With the new administration in Washington, consider giving not only to an organization that provides direct services to immigrants and refugees, but also to a civil rights law center. If you donate to a food pantry or a homeless shelter, make a matching donation to an organization that is standing up against cuts to programs that families depend on- like health care or food programs.
Give locally…but also give to communities with fewer resources than yours.
If you give to a symphony orchestra in Los Angeles, consider also giving to an orchestra in the Central Valley. If you give to a wilderness preservation organization, consider also giving to an environmental justice group in a black or Latino community. If you donate to your alma mater, make a matching donation to a university that may have fewer donors, perhaps a community college. If you aren’t sure where to give, make your donation to a local community foundation or United Way.
Now for our help with those bad apples:
• Before giving to an organization you don’t know — even a famous one — do a little online research. Type the organization’s name into Google along with a word such as “problem” or “wrong” to see if there are accusations against the charity, or criticisms of its work. For example, an international nonprofit might have good finances, but a web search reveals that the people in the overseas nation believe the nonprofit is harming local small businesses. (Of course you will have to decide whether any accusations are legitimate and whether or not you agree with any criticisms). You can review the charity’s financial reports — typically available free at www.guidestar.org (not all charities have to provide these reports, called Federal Form 990). Members of the public — such as volunteers and beneficiaries — can also write reviews of charities on Yelp and GreatNonprofits.org
• Don’t click on links in email from nonprofits when you want to give — especially well-known nonprofits. Instead, type their name directly into your internet browser. Scammers send emails with links that go to “look-alike” pages that that appear to be legitimate but instead steal your money and your information.
• Don’t give your credit card number over the phone or online to a nonprofit you don’t know directly.
• If you think you’ve been scammed, give a holiday gift to thousands of other well-meaning people by reporting the scammer to the California Attorney General using this form.

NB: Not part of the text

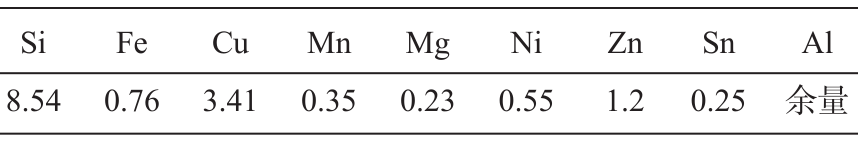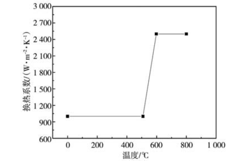 圖1 高壓壓鑄有限元模型 差速器殼體材料選用A380鋁合金,化學成分如表1所示。A380鋁合金的熱物性參數(shù)由軟件提供,其中固相線溫度為508 ℃,液相線溫度為589 ℃。模具材料選用H13合金鋼,在壓鑄數(shù)值模擬過程中,壓鑄模僅起到熱交換的作用,并不參與流場計算。壓鑄過程中涉及多種熱傳遞現(xiàn)象,主要包括鑄件與模具、模具與模具的熱傳導,空氣與模具外表面的熱對流。設(shè)置模具與模具的傳熱系數(shù)為1 000 W/(㎡·K),模具與空氣的傳熱系數(shù)為10 W/(㎡·K),鑄件與模具的傳熱系數(shù)采用曲線形式的換熱系數(shù)(圖2)。高壓壓鑄初始工藝參數(shù):澆注溫度660 ℃、模具溫度220 ℃、壓射速度4 m/s。

Remember: California’s nonprofits are “hidden in plain sight.” We’re not only the homeless shelter or food bank. We’re your church, the Campfire Girls, Downton Abbey, the local chorus. We are all breathing cleaner air and our children’s toys are safer thanks to California’s nonprofit environmental and consumer advocates. Those of us who are people of color, women, LGBT, and people with disabilities benefit every day from the work of civil rights nonprofits.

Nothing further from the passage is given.